Rather, what it did was to (a) find that the provisions of two sections of the state constitution, as amended, did in fact conflict as claimed, and (b) interpret the state constitution to rectify the conflict, as is its bounden duty under the laws under which it was established. To wit, there is an affirmative constitutional mandate that the public schools be adequately funded (by state funds) in Nevada. The legislature was unable to provide adequate funding in the budget it adopted without raising taxes. Anorther constitutional mandate requires that a 60% supermajority pass any tax increase. The court decided that (a) the legislature must fund the schools, that being their duty under the constitution. If they choose to do so by not raising taxes and cutting other programs to free up the necessary funds, fine. But (b) there being an affirmative duty to adequately fund the schools, if they cannot agree to cut other programs to do so within the available funds from current taxes, they are free to pass a tax increase by a 50%+1 vote, said increased taxes being devoted to the school system funding.

The logic was that the specific supersedes the general. While in general the legislature is prohibited from increasing taxes by other than a supermajority, they are not free to ignore a constitutional mandate that they are required to honor because they cannot agree (party representation being almost equal) on how to fund it. They are therefore entitled, by a normal majority, to increase taxes for this one particular constitutionally mandated purpose without the other (supermajority) requirement coming into play.

Note that this was in essence an example of judicial self-restraint.
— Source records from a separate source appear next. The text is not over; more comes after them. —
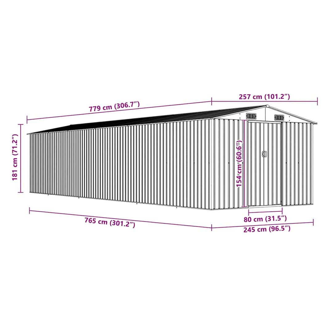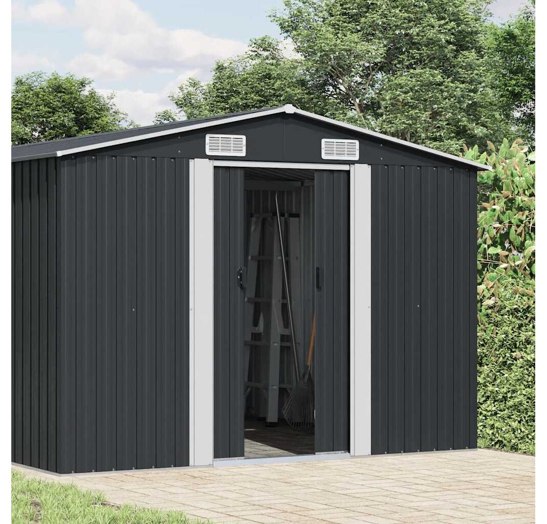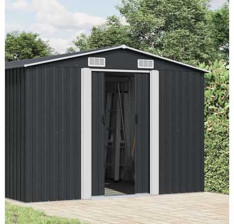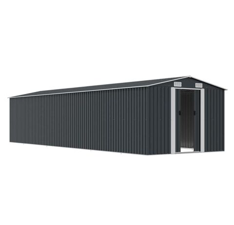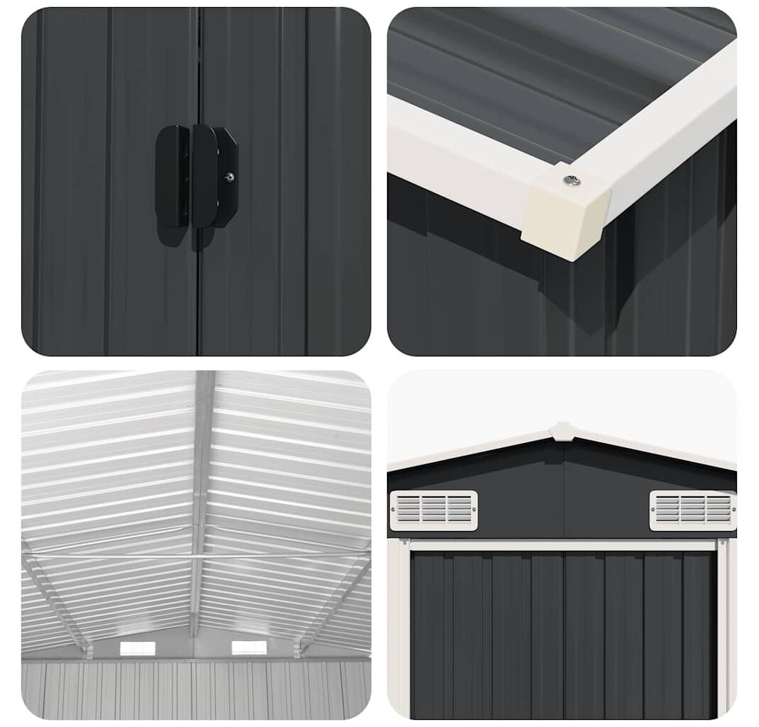 Această magazie de grădină din oțel galvanizat va fi perfectă pentru depozitarea unei game largi de unelte, mobilier de grădină și echipamente de grădină. Magazia de grădină nu oferă doar protecție împotriva murdăriei și prafului, ci și împotriva vântului și a intemperiilor.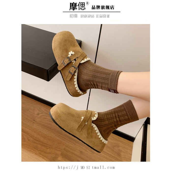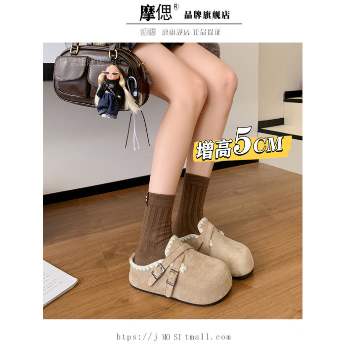 厚底內增高勃肯鞋醜萌一腳蹬包頭半拖鞋女外穿2025新款秋冬博肯鞋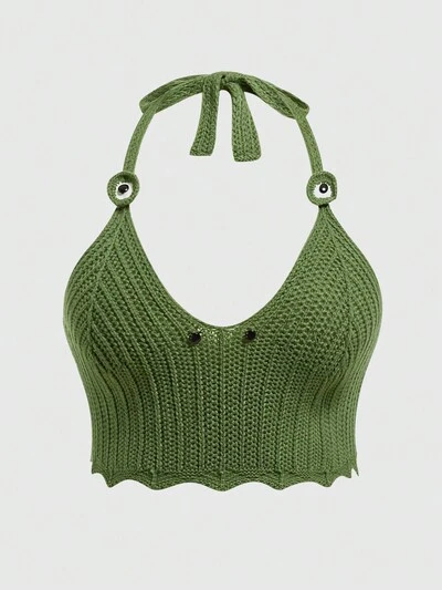 Plus Size Women's Solid Color Halter Knit Top-30%

Rather than taking it upon itself to make the budget comply with both constitutional provisions simultaneously by mandating program cuts, it resolved the constitutional question with which it was faced and handed the problem back to the legislature, with a constitutional-law guideline as to what might be done to solve the problem.

That the resolution of the problem is likely to result in increased taxes is owing to stubborn legislators, not to the court.

Minor amplification on Jodi’s post: It’s my understanding that when a case can both be resolved under state law and presents a federal question, a decision based independently on state law and a resolution of the federal question cannot be appealed to the federal system. E.g., Smith alleges that his First Amendment rights have been violated, but also that his freedom of speech rights under the State Bill of Rights were violated. The court finds that in fact his rights under both were violated, but in a very minimal way, awards him $1 in damages, and closes the case. That verdict is upheld throughout the state system. No appeal to the federal system is possible, because the case was resolved by reference to the state Bill of Rights in a way conformable to the federal question.

Interestingly, if a state supreme court decides a case but does not make it clear whether the rationale for decision was state law it the state court’s interpretation of federal law (and it could be either), the U.S. Supreme Court assumes that the state court was speaking to federal law. If the U.S. Court disagrees with that interpretation, then it will remand the case back to the state court, which can then say “No, we were analyzing state law, not federal law,” reinstate the decision, and the U.S. Supreme Court is impotent to revise it.

–Cliffy

Jodi said

Yup. Settled in Kyllo v United States 533 US 27 (2001).